The goal of this project is to bridge the gap between synthetic aperture radar (SAR) imagery and semantic understanding via vision-language modeling. Everything — code, models, and data — will be open-sourced to support the community.

🖼️ Project Overview

📂 Dataset Release

The complete image and caption data for the SAR-TEXT image-text matching dataset is available via Baidu Netdisk:

🖼️ SAR Image–Text Matching Dataset (SAR-TEXT)
SAR-TEXT-data.zip (shared via Baidu NetDisk)
🔗 Download Link
🔑 Extraction Code: fw5a

This the SAR image–text dialogue dataset introduced in our paper. This release includes:

🛰 Optical Remote Sensing (RS) Dialogue Dataset(RS-VQA)
RS-VQA_conv.json
Based on the RS-VQA dataset, providing multi-turn visual question answering (VQA) dialogue annotations for optical remote sensing images.
📡 SAR Image–Text Dialogue Dataset (SAR-VQA)
SAR-VQA_conv.json (shared via Baidu NetDisk)
🔗 Download Link
🔑 Extraction Code: 1qqj

🤖 Pretrained Models Release

🧠 SAR-RS-CLIP
SAR-RS-CLIP.pt (shared via Baidu NetDisk)
🔗 Download Link
🔑 Extraction Code: 1472
🧠 SAR-RS-CoCa
SAR-RS-CoCa.pt (shared via Baidu NetDisk)
🔗 Download Link
🔑 Extraction Code: g4x3
🧠 SAR-GPT
SAR-GPT.pth (shared via Baidu NetDisk)
🔗 Download Link
🔑 Extraction Code: aqjy

⚙️ Environment and Codebase Notes

This repository integrates multiple models from different codebases. Please make sure to follow the correct environment setup for each component:

✅ CLIP and CoCa models are implemented using the OpenCLIP framework. All related model loading, training, and inference scripts are based on OpenCLIP.
✅ SAR-GPT is based on the TinyGPT-V repository. Any generation tasks involving SAR-GPT should be executed in the TinyGPT-V environment.

Ensure dependencies are installed accordingly before running any module.

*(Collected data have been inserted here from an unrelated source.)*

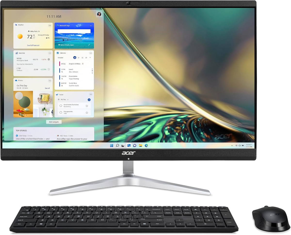 Acer AIO Aspire C24 i5-1240P/8GB/512GBSSD/23.8″FHD/SHD/DOS Design and Build: The ACER C24-1750 All-in-One (AIO) desktop is a sleek and modern solution for users seeking a powerful, space-saving computer. Encased in a stylish black finish, this AIO is designed to blend seamlessly into any home or office environment. The minimalistic design, with its slim profile and compact stand, maximizes desk space while providing an elegant look. The 23.8-inch display is the focal point of the design, offering a clean and clutter-free setup by integrating all the components behind the screen.
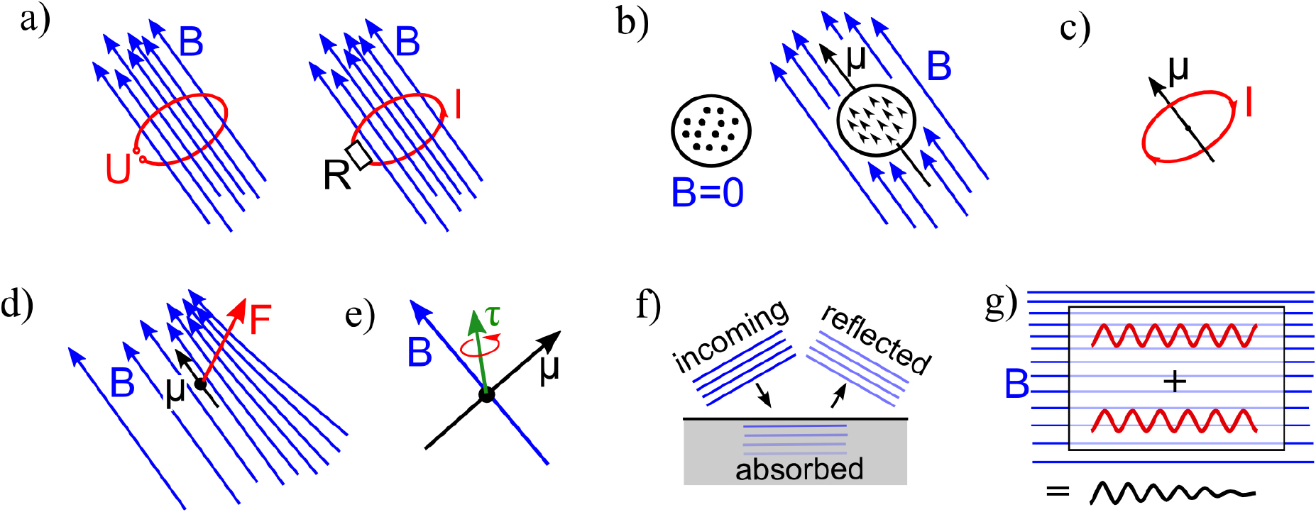 Figure 5. The most important physical interactions in electromagnetic fields. (a) Induced voltages and currents due to a time-varying magnetic field. (b) Magnetisation of materials. (c) The magnetic moment of a current loop. (d) The linear force; the magnetised object is attracted towards increasing magnetic flux density (denser field lines). (e) Rotational force; the torque (green arrow) is orthogonal to the magnetic moment and the magnetic field, i.e. the rotational force (red arrow) is in the plane of the magnetic moment and magnetic field. (f) Absorption (heating) of the RF field on metal surfaces. (g) An illustration of the destructive interference of the resonance signal due to an inhomogeneous magnetic field in a voxel.
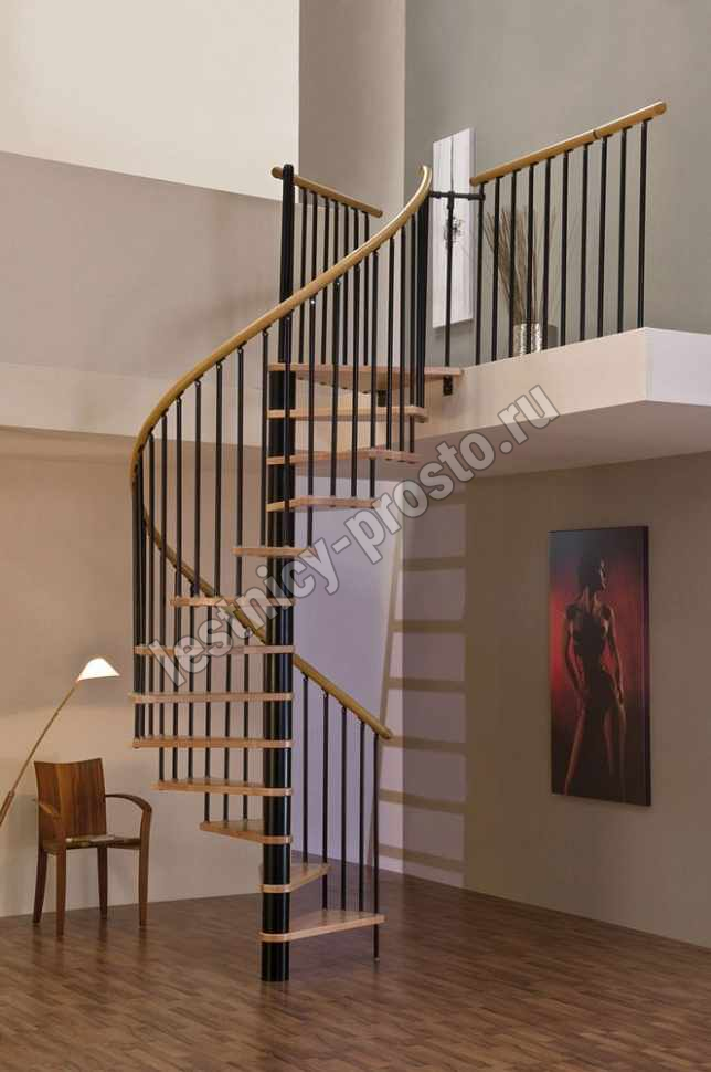 Винтовая лестница SPIRAL WOOD d160 см, чёрная, лакированный бук
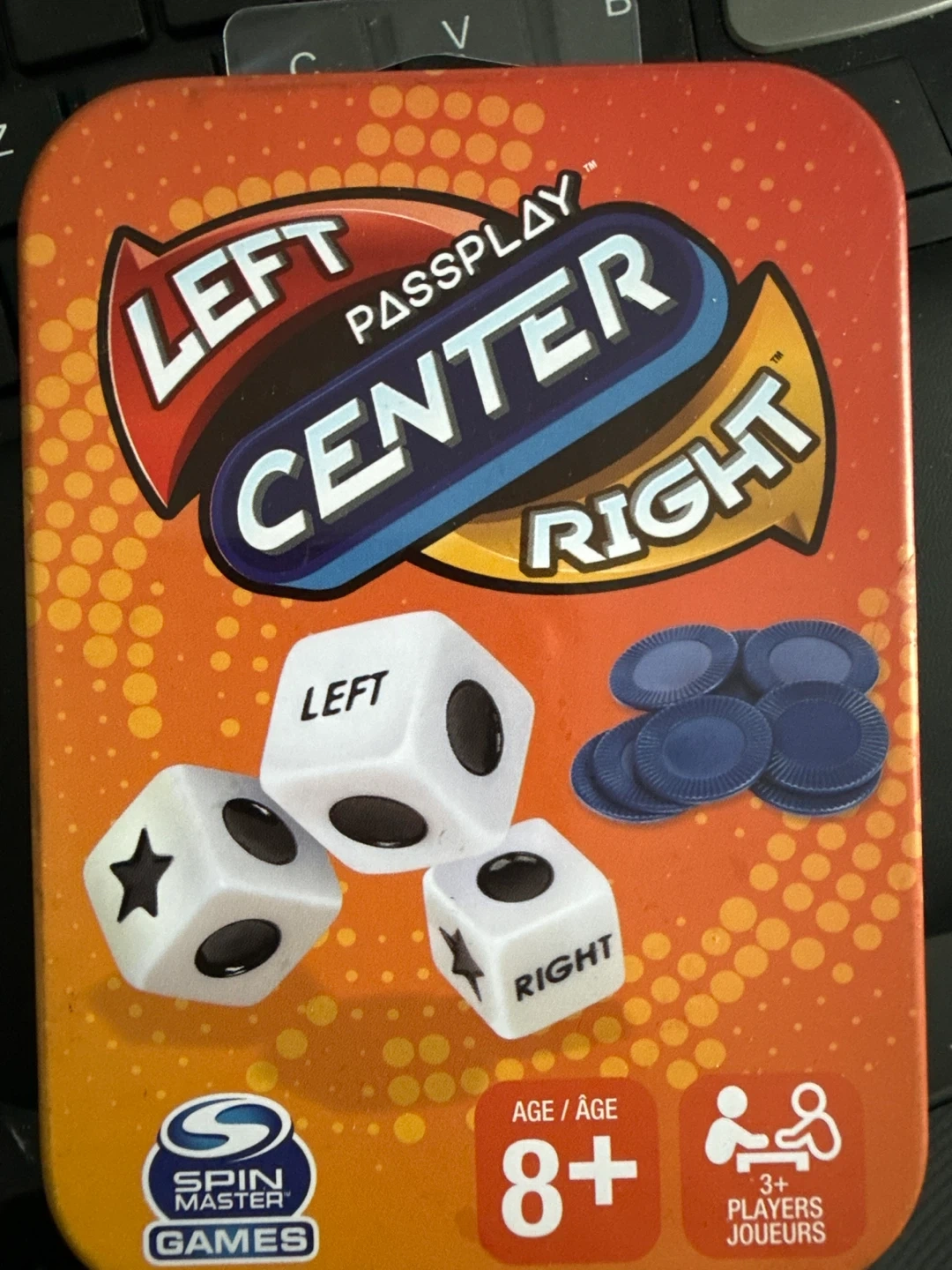 Selling a Left Center Right dice game by Spin Master! This game is perfect for ages 8 and up and can be played with 3 or more players. It includes dice and chips in a convenient tin for easy storage and travel

🔍 Image-Text Retrieval with SAR-CLIP

The script SAR-CLIP-retrieval.py evaluates image-text retrieval performance using SAR-CLIP, fine-tuned on SAR-Text.

📦 Dataset

CSV File: HRSID_test_caption.csv
Contains paths and corresponding captions.
Images:
📦 Download from Baidu NetDisk:
HRSID_JPG.rar
🔑 Extraction Code: i4xf

🚀 Example Command

python evaluate_retrieval.py \
  --model-name ViT-L-14 \
  --retrieval-csv-path ./HRSID_test_caption.csv \
  --sarclip-path ./checkpoints/sarclip_weights.pt \
  --batch-size 64 \
  --workers 8

📊 Output

The script will print standard retrieval metrics:

retrieval-image2text-R@1, @5, @10
retrieval-text2image-R@1, @5, @10
retrieval-mean-recall

📝 Image Captioning with SAR-CoCa

The script SAR-CoCa-generate-caption.py is used to generate captions for SAR images using the CoCa model.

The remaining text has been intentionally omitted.